Finally, as Romeo's drug bender calms down he lays eyes on his Juliet, and here we can speak about another of the film's strengths, the casting. I think Leonardo DiCaprio is an excellent actor, especially now that he has grown a goatee and become all serious - however I think Romeo is his best role as a young pretty boy. And he is a pretty boy in this film, he looks so young and innocent. It is the same with Claire Danes as Juliet - she is so innocent, her startled eyes and constant little smile. They are the prettiest poster couple. You want them to survive and be happy. Even though you know they won't.
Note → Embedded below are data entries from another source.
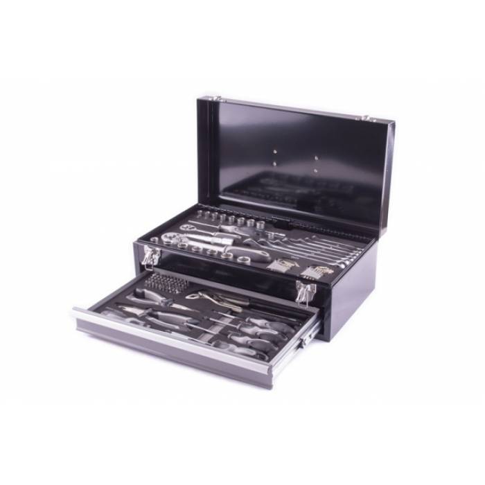 - dílenský kovový kufr o rozměru 44 x 24 x 16,5cm - 2 vrstvy nářadí, materiál: karbonová ocel, CrV - 1/2 hlavice 7ks: 10, 13, 14, 15, 16, 17, 19mm - 1/2 prodlužovací nástavec 125mm - 1/2 ráčna - 1/4 hlavice 8ks: 6, 7, 8, 9, 10, 11, 12, 13mm - 1/4 prodlužovací nástavec 50mm - 1/4 ráčna - adaptér ráčna 1/4 na bit - 50ks bitů 25mm + nástavec - klíč očkoplochý 7ks: 8, 9, 10, 13, 14, 17, 19mm - imbus 11ks: 1,27-1,5-2-2,5-3-3,5-4-4,5-5-5,5-6mm - torx 8ks: T9, T10, T15, T20, T25, T27, T30,
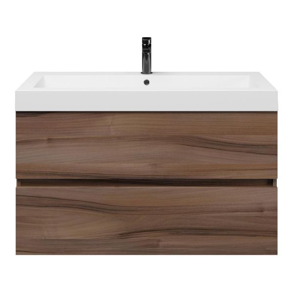 - greeploos badmeubel - meubelkleur robuust noten - wastafel van polystone - Hettich softclose ladegeleiders
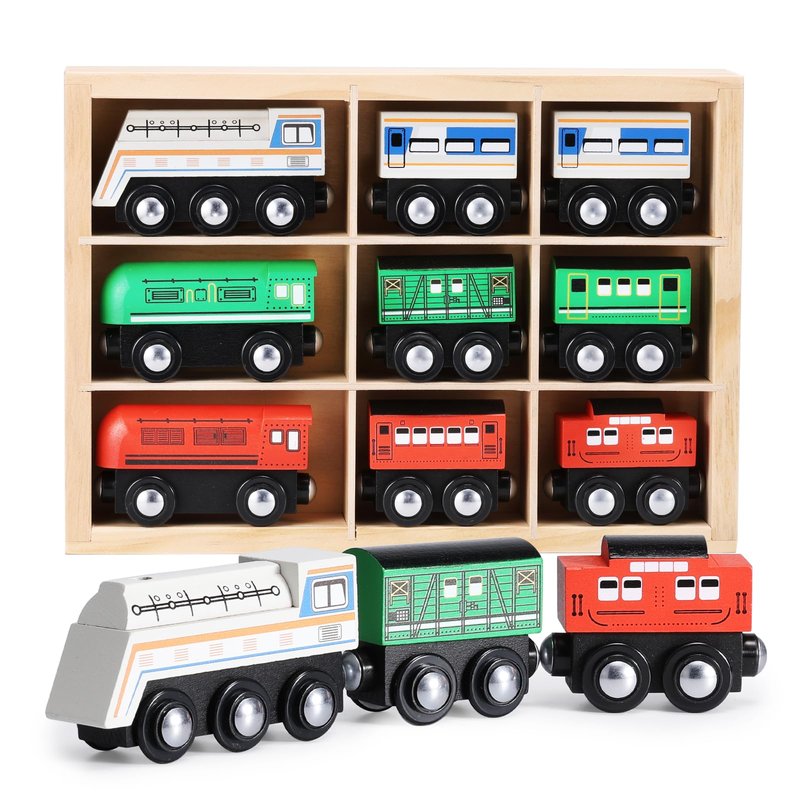 SainSmart Jr. 9 Pcs Wooden Train Set Magnetic Train Toys for Toddlers Kids Engine Vehicles Toy Train Cars for Boys Girls Compatible with Train Tracks
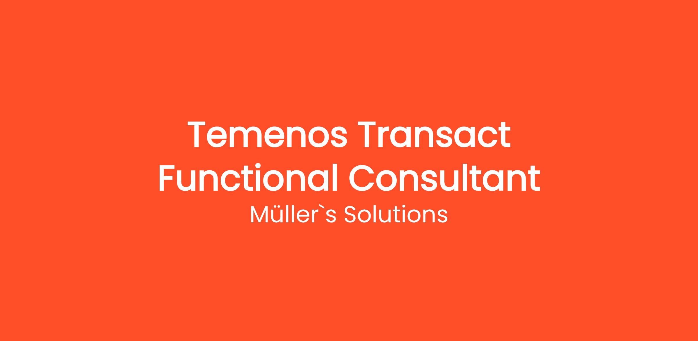 Müller's Solutions is seeking a skilled Temenos Transact Functional Consultant to join our team to to play a pivotal role in the implementation, customization, and support of our Temenos Transact (formerly T24) core banking system. he ideal candidate will bridge the gap between business needs and technical solutions, ensuring the platform is configured to optimize banking operations. You will be responsible for analyzing business processes, gathering requirements, and delivering functional solutions that meet the highest standards of quality and efficiency.
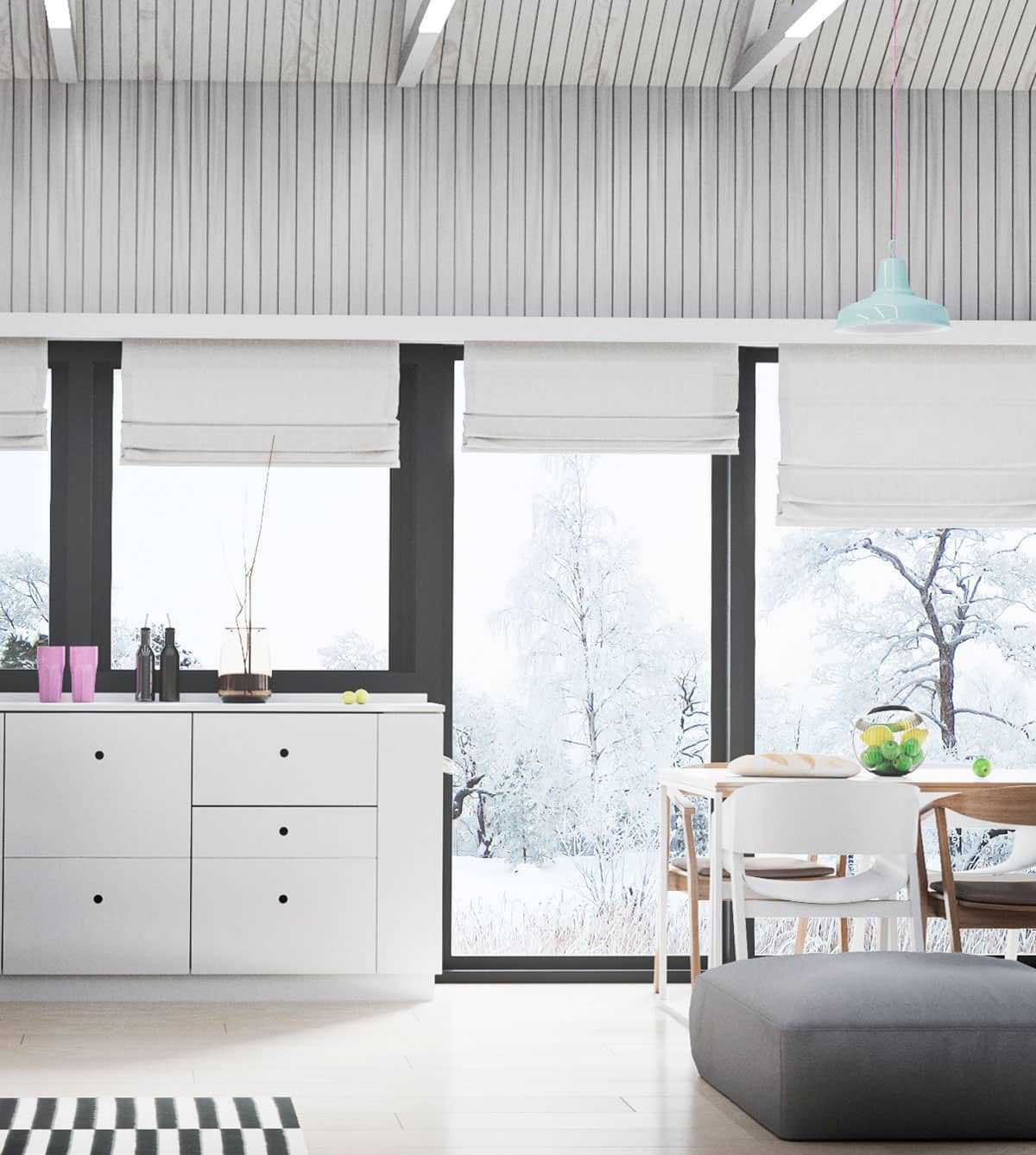 Темные окна и двери в светлом интерьере — это беспроигрышная игра на контрасте

The fact that the characters are so likable makes the deaths so much worse. When Mercutio is shanked, for example, it is genuinely heartbreaking. The shock on his face is second to the pain and rage on Romeo's. That scene has so much emotion. So much drama. You see it for what it is, the most powerful and the most tragic moment in the entire tale. This is the point where everything goes wrong and the downward spiral begins. It is the death of the two best characters in the film. For not only does the mighty Mercutio die, so does the excellent Tybalt. John Leguizamo plays the role with arrogance and hatred and a sleazy mafiosa villainy. It is brilliant. He is brilliant. Look at him.

I find their deaths far more tragic than the titular characters. Romeo and Juliet's deaths are quite underplayed, with a relative subtleness compared to the rest of the film. Though the setting is decorated with lashings and lashings of religious gaudiness.
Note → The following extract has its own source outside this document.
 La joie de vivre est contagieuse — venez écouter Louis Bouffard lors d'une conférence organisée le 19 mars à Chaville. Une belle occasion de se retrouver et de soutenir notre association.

There isn't much more I can say about this really. The story is a classic and what makes this film special is the excellent portrayal of.
The immaculate casting (as I've described above) and the wonderful over the top scenarios. Luhrmann mixes in modern settings with religious iconography and pop culture references to great effect. A highlight of which is the choral version of When doves Cry sung in Romeo and Juliet's wedding. It is a mix which is turned up to 11 in Moulin Rouge but which just accentuates Shakespeare's story in this. The odd mix of the visuals and the sound works perfectly.
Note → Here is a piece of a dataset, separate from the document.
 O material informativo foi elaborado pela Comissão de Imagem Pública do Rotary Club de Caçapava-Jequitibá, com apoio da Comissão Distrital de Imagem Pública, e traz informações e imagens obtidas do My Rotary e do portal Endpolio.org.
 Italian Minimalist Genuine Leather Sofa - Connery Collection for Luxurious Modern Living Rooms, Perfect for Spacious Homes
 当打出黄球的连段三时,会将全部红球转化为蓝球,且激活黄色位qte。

It is just a really good way of re inventing a classic story and making it enjoyable for people who have probably had to dissect it at school.
That is Baz Luhrmann's greatest triumph.


fingersandtoes said...

And my cousin won a Bafta for the soundtrack! (not that I've ever met the guy, even though he lives in London)

Soirore said...

Your review really took me back. I had a huge crush on John Leguizamo after seeing Romeo + Juliet as a teen.
I didn't like how Baz Luhrman cut lots of Juliet's dialogue though, it made the film too Romeo focused.